Он обратился к статье Саймона. Саймон явно поработал над ней, стиль статьи был куда отточенней, чем в его отчетах о суде. Она была пронизана иронией, написана без предубеждения, но за этой непредубежденностью чувствовалось тревожное любопытство, с каким он рассматривал характер человека, которого не обуздывали ни сомнения, ни страх перед последствиями его поступков. То было небольшое талантливое эссе, но такое бесчувственное, что даже становилось не по себе.
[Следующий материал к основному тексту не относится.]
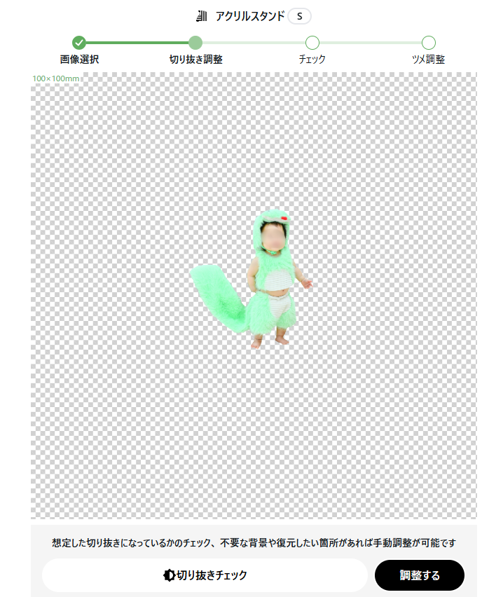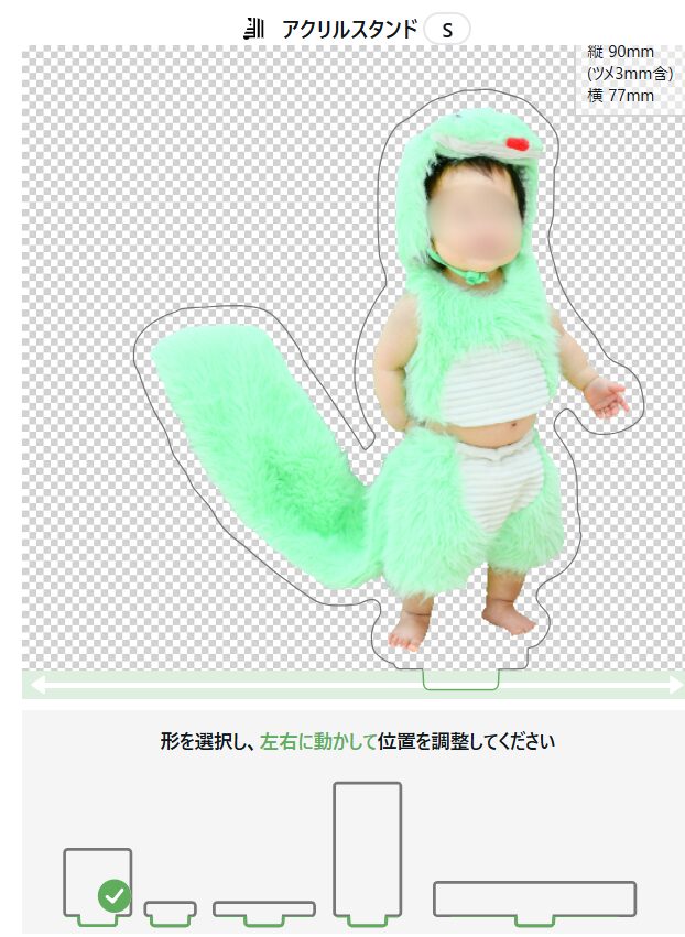 切り抜きが終了したら、アクスタになった時の仕上がりのイメージを確認します。

Стараясь выжать все, что только можно, из оригинальной темы, Саймон забыл, что речь-то о живых людях и их чувствах; и если, читая, ты улыбался, — а эссе не лишено было горького остроумия, то улыбка выходила болезненная. Оказалось, Саймон каким-то образом ухитрился посетить домик в Нейи, и чтобы дать представление об обстановке, в которой жил Берже, с едким юмором описал безвкусную, душную и претенциозную комнату, куда его ввели. В обстановке гостиной смешались предметы двух разных гарнитуров, одни — в стиле Людовика Пятнадцатого, другие — в стиле ампир. Одни резного дерева с позолотой и обиты голубым шелком в розовых точках; другие — желтым атласом. Посреди комнаты стол искусной резьбы с мраморной столешницей. Оба гарнитура, должно быть, сработаны в какой-нибудь из мастерских стильной мебели, расположенных на бульваре Сент-Антуан, и куплены на аукционе, когда первоначальные владельцы захотели от них избавиться. При двух диванах и множестве стульев там приходилось двигаться с осторожностью, и куда бы ни сел, сидеть было неудобно. На стенах большие, писанные маслом картины в тяжелых золоченых рамах, вероятно, купленные на аукционе, благо по дешевке.
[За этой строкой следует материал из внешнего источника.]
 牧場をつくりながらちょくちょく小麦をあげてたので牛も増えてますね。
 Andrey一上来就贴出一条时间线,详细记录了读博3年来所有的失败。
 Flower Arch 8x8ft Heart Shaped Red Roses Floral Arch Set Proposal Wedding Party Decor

Прокурор весьма правдоподобно воссоздал историю преступления. Джордан явно был неравнодушен к Роберу Берже. Тому доказательство обеды, которыми Джордан его угощал, победители на скачках, которых он ему загодя называл, и деньги, которыми его ссужал. Наконец Берже согласился прийти к нему домой, и чтобы их совместный уход из бара не привлек внимания, они уговорились выйти врозь, сперва один, а через несколько минут другой. Потом, как и было условлено, они встретились, и в квартиру Джордана несомненно вошли вместе — ведь консьержка показывала, что в тот вечер она не впускала никого, кто бы спрашивал Джордана. Жил он на первом этаже. Берже, не снимая новых элегантных перчаток, сел и закурил, а Джордан достал виски, содовую, принес из кухоньки кекс. Пиджак он снял, такие, как он, дома обычно не ходят при полном параде. Поставил пластинку. Патефон был старомодный, дешевый, без автоматической смены пластинок, и в ту самую минуту, когда он ставил другую пластинку, Берже подошел сзади, словно желая посмотреть, что это за пластинка, и вонзил ему в спину нож. Заявление защитника, будто Берже не мог нанести удар той силы, какую показало вскрытие трупа, сущая нелепость. Берже очень крепкий, жилистый. Люди, знавшие его в те времена, когда он играл в теннис, свидетельствуют, что он славился силой удара справа. Классным теннисистом он не стал не из-за его физических данных, а из-за некоей психологической ущербности, ослабляющей волю к победе.